Es gibt Fortsetzungen, die man sich wünscht, und solche, auf die man eigentlich gar nicht vorbereitet ist. „28 Years Later: The Bone Temple“ gehört zur zweiten Kategorie und das ist durchaus als Kompliment gemeint. Wer den Vorgänger kannte, wusste bereits, dass hier nicht mit Watte geworfen wird. Doch was Regisseurin Nia DaCosta und Drehbuchautor Alex Garland aus diesem neuen Kapitel gemacht haben, setzt noch einmal eine ganz eigene Note.
Direkt rein, kein Aufwärmen
Die Geschichte knüpft unmittelbar an den Vorgänger an. Dr. Kelson, gespielt von einem in Bestform aufspielenden Ralph Fiennes, gerät in eine Beziehung, die er so nicht kommen sah und die Konsequenzen daraus treffen nicht nur ihn persönlich, sondern destabilisieren das, was von der bekannten Welt noch übrig ist. Parallel dazu erlebt der junge Spike eine Begegnung mit dem undurchsichtigen Jimmy Crystal, die sich schnell als etwas entpuppt, das man lieber im Schlaf erlebt hätte als im Wachleben. Das Virus?

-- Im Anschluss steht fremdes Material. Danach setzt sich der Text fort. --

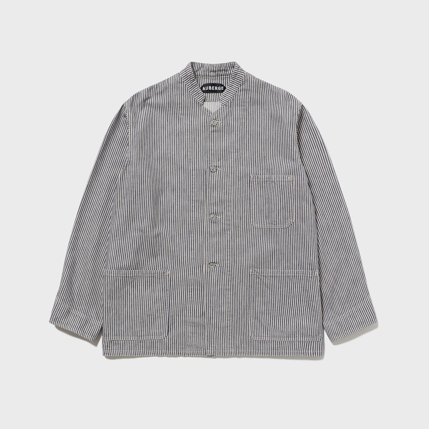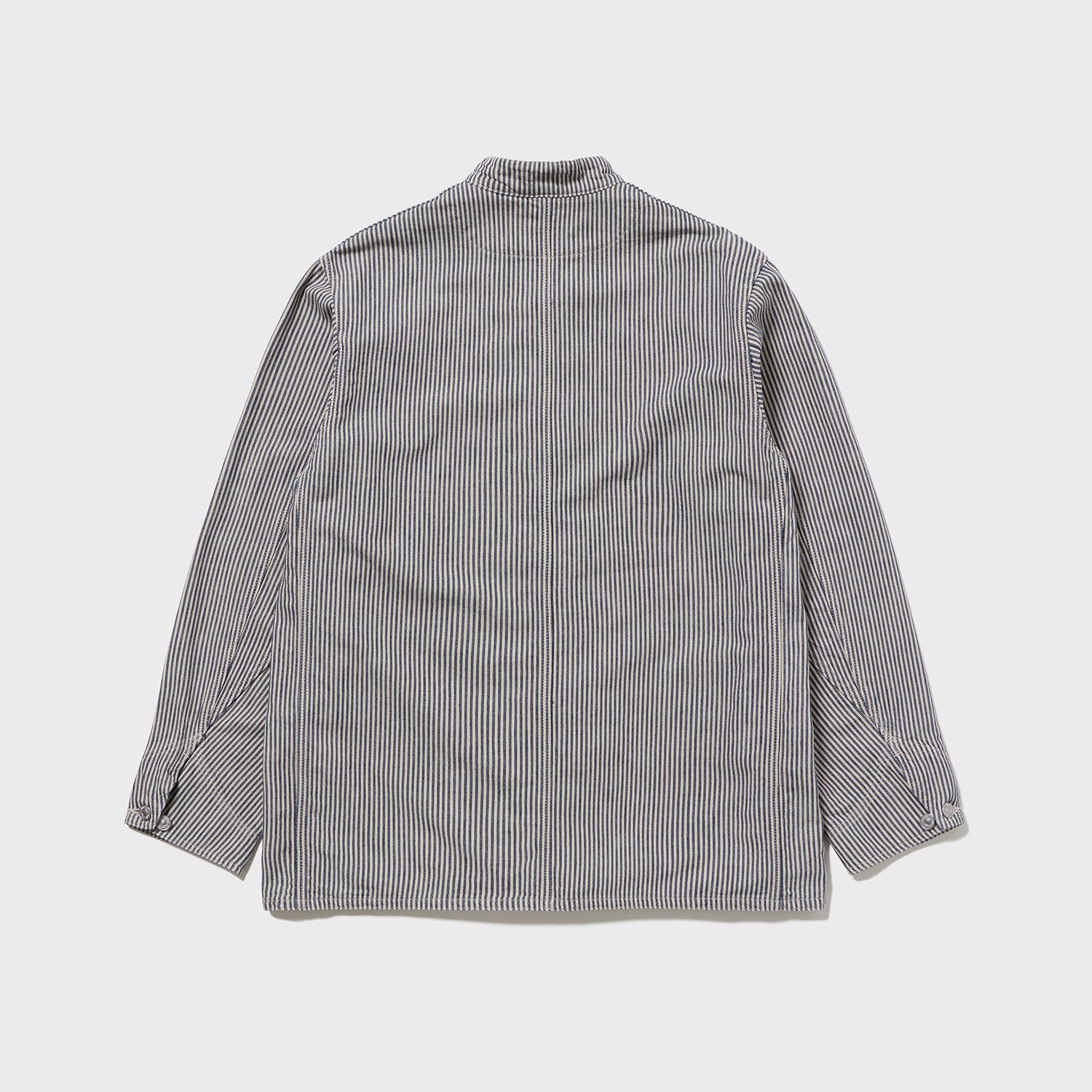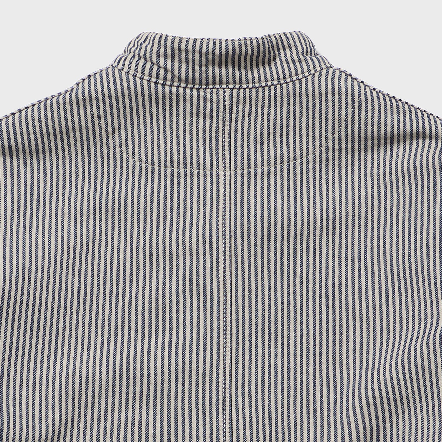 スタンドカラーでありながら、ややV字気味に第一ボタンの位置が下がったアメリカンワークな原型カバーオールです。

Ja, das ist auch noch da und diesmal in einer neuen, noch gefährlicheren Form. Aber ehrlich gesagt ist das Virus fast schon Nebensache. Denn die eigentliche Frage, die der Film stellt, ist eine, die unter die Haut geht. Was richtet der Mensch an, wenn alle Regeln gefallen sind? „28 Years Later: The Bone Temple“ überzeugt dabei vor allem auch mit der starken Besetzung. Ralph Fiennes trägt diesen Film auf eine Art, die zeigt, warum er zu den besten seines Fachs gehört. Seine Figur ist komplex, nicht eindeutig sympathisch, aber fesselnd bis zur letzten Szene.
Tiefer als er aussieht
Jack O'Connell bringt indes als Jimmy Crystal eine Energie mit, die den Raum ausfüllt, sobald er auftritt und Alfie Williams hält dagegen. Dazu kommen Erin Kellyman und Chi Lewis-Parry. Dann ist da noch die Atmosphäre. Nia DaCosta, die mit „Candyman“ bereits gezeigt hat, dass sie Horror ernst nimmt, inszeniert „The Bone Temple“ mit einer Konsequenz, die sich schon in den ersten Minuten festsetzt. Der Einstieg ist hart, unvermittelt und lässt keine Zeit zum Durchatmen. Wer hofft, der Film nehme sich erstmal eine gemütliche Anlaufphase – Fehlanzeige.
Das Tempo ist von Beginn an gesetzt, und der Film weicht davon auch so gar nicht ab. Was „28 Years Later: The Bone Temple“ von vielen anderen Genre-Fortsetzungen unterscheidet, ist der ernsthafte Umgang mit seinem Stoff. „The Bone Temple“ will nicht nur schocken, er stellt Fragen, die sich nicht so leicht abschütteln lassen. Wie weit geht jemand, um zu überleben? Wer zieht eigentlich noch Grenzen, wenn keine Strukturen mehr existieren? Die Infizierten sind nämlich längst nicht das Bedrohlichste an dieser Welt.
Kein Film für entspannte Fernsehabende
„28 Years Later: The Bone Temple“ ist letztendlich kein Film für entspannte Fernsehabende. Er ist anstrengend, bedrückend und an keiner Stelle bemüht, es dem Zuschauer leicht zu machen. Genau das macht ihn so sehenswert. Wer das Genre mag, wer bereit ist, sich auf einen Film einzulassen, der neben dem Schrecken auch etwas zu sagen hat, wird hier sehr gut bedient. Fiennes allein wäre schon Grund genug, aber was der Rest des Casts und DaCostas Inszenierung dazu beisteuern, macht aus „28 Years Later: The Bone Temple“ eine der stärksten Fortsetzungen, die das Genre seit Jahren gesehen hat.